简体   繁体   English

如何修复错误 ValueError: could not convert string to float in a NLP project in python?

[英]how to fix the error ValueError: could not convert string to float in a NLP project in python?

I am writing a python code using jupyter notebook that train and test a dataset in order to return a correct sentiment.我正在使用jupyter notebook编写 python 代码,该代码训练和测试数据集以返回正确的情绪。

The problem that when i try to predict the sentiment of the phrase the system crash and display the below error:当我尝试预测短语的情绪时系统崩溃并显示以下错误的问题:

ValueError: could not convert string to float: 'this book was so interstening it made me not happy' ValueError:无法将字符串转换为浮点数:“这本书太有趣了,让我不开心”
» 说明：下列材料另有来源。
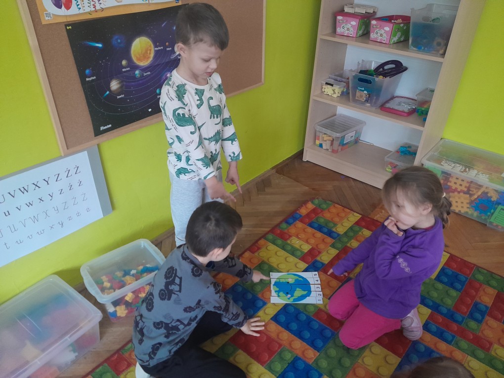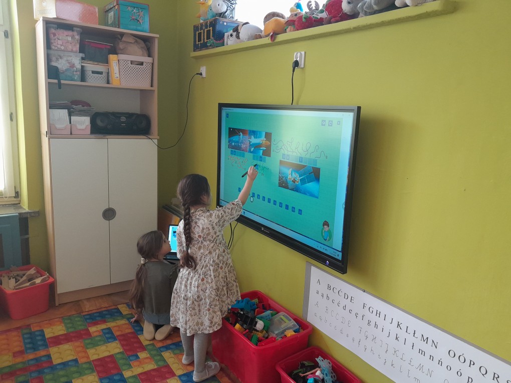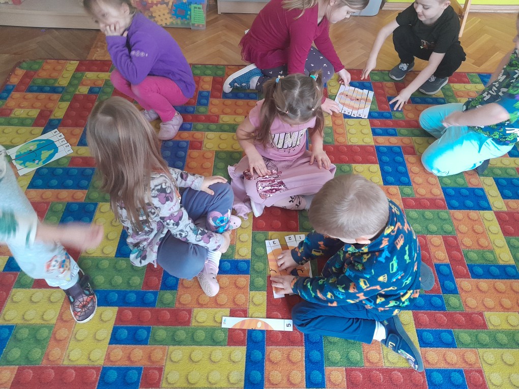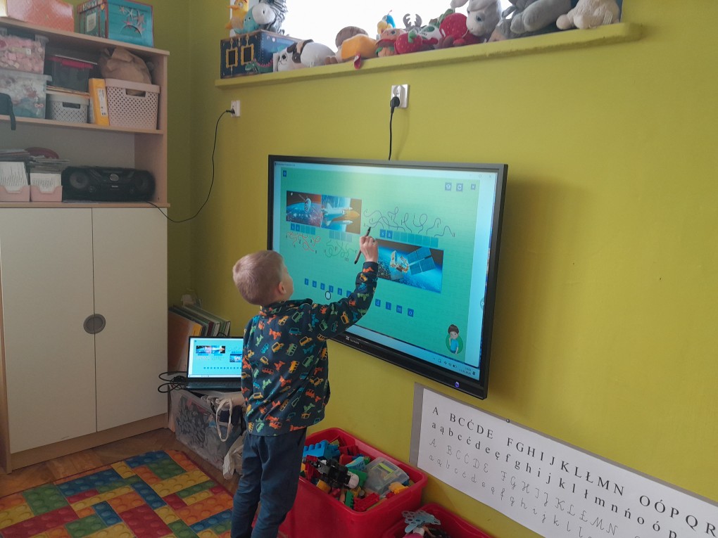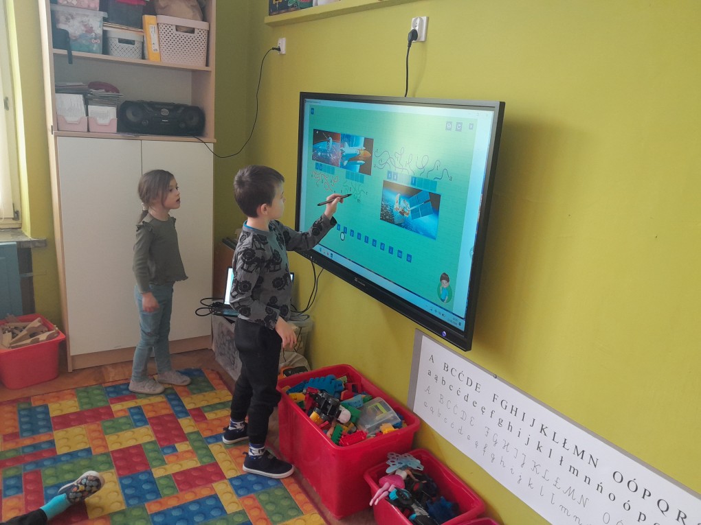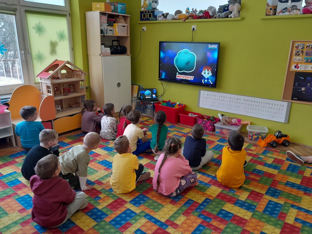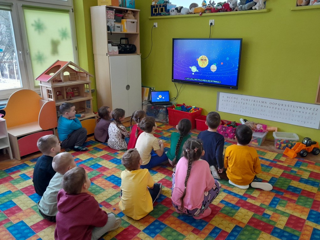 Na tablicy multimedialnej wykonywaliśmy kosmiczne zadania edukacyjne, oglądaliśmy filmy o wszechświecie oraz słuchaliśmy piosenek o planetach i gwiazdach. Nie zabrakło także matematycznych wyzwań – przeliczaliśmy gwiazdy i układaliśmy je w proste konstelacje.

Note i have an imbalanced dataset so i use SMOTE in order to over_sampling the dataset请注意,我有一个不平衡的数据集,所以我使用SMOTE来对数据集进行过度采样

code:代码:

import pandas as pd
import numpy as np
from imblearn.over_sampling import SMOTE# for inbalance dataset
from sklearn.linear_model import LogisticRegression
from sklearn.feature_extraction.text import TfidfTransformer,TfidfVectorizer
from sklearn.model_selection import train_test_split
from sklearn.metrics import accuracy_score,classification_report,confusion_matrix
from sklearn.pipeline import Pipeline

df = pd.read_csv("data/Apple-Twitter-Sentiment-DFE.csv",encoding="ISO-8859-1")

df
# data is cleaned using preprocessing functions

# Solving inbalanced dataset using SMOTE 

vectorizer = TfidfVectorizer()
vect_df =vectorizer.fit_transform(df["clean_text"])
oversample = SMOTE(random_state = 42)
x_smote,y_smote = oversample.fit_resample(vect_df, df["sentiment"])
print("shape x before SMOTE: {}".format(vect_df.shape))
print("shape x after SMOTE: {}".format(x_smote.shape))
print("balance of targets feild %")
y_smote.value_counts(normalize = True)*100


# split the dataset into train and test 
x_train,x_test,y_train,y_test = train_test_split(x_smote,y_smote,test_size = 0.2,random_state =42)


logreg = Pipeline([
                ('tfidf', TfidfTransformer()),
                ('clf', LogisticRegression(n_jobs=1, C=1e5)),
               ])
logreg.fit(x_train, y_train)

y_pred = logreg.predict(x_test)

print('accuracy %s' % accuracy_score(y_pred, y_test))
print(classification_report(y_test, y_pred))

# Make prediction 
exl = "this book was so interstening it made me not happy"

logreg.predict(exl)

You should define your variable exl as the following:你应该定义你的变量exl如下:

exl = vectorizer.transform(["this book was so interstening it made me not happy"])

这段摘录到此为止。